## Work instructions
Please repeat each line from the one holding "Chaque suite dispose" through the final line of the data, exactly as it stands, with no pictures.

━━━━━ Data segment ━━━━━

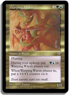 Phasing. During your upkeep, pay <2UG> or Warping Wurm phases out. When Warping Wurm phases in, put a +1/+1 counter on it.
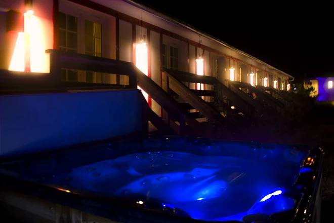 Chaque suite dispose au jacuzzi en libre service 24/24, la terrasse et au spa de nage (ouvert uniquement à la saison d'été), terrasse
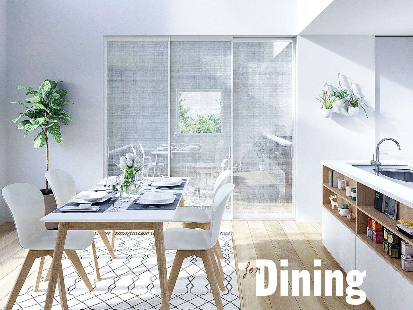 ダイニングとリビングを仕切れば、ほどよく視線を遮りながら、空間を広く見せる効果があります
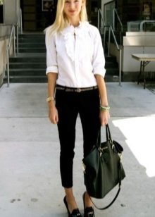 The ensemble is black + white - a classic timeless. Pants can be classic straight, short 7/8, flared or skinny skinny. This combination is the personification of something masculine in the girl’s wardrobe.

━━━━━

## Result of the task
 Chaque suite dispose au jacuzzi en libre service 24/24, la terrasse et au spa de nage (ouvert uniquement à la saison d'été), terrasse
 ダイニングとリビングを仕切れば、ほどよく視線を遮りながら、空間を広く見せる効果があります
 The ensemble is black + white - a classic timeless. Pants can be classic straight, short 7/8, flared or skinny skinny. This combination is the personification of something masculine in the girl’s wardrobe.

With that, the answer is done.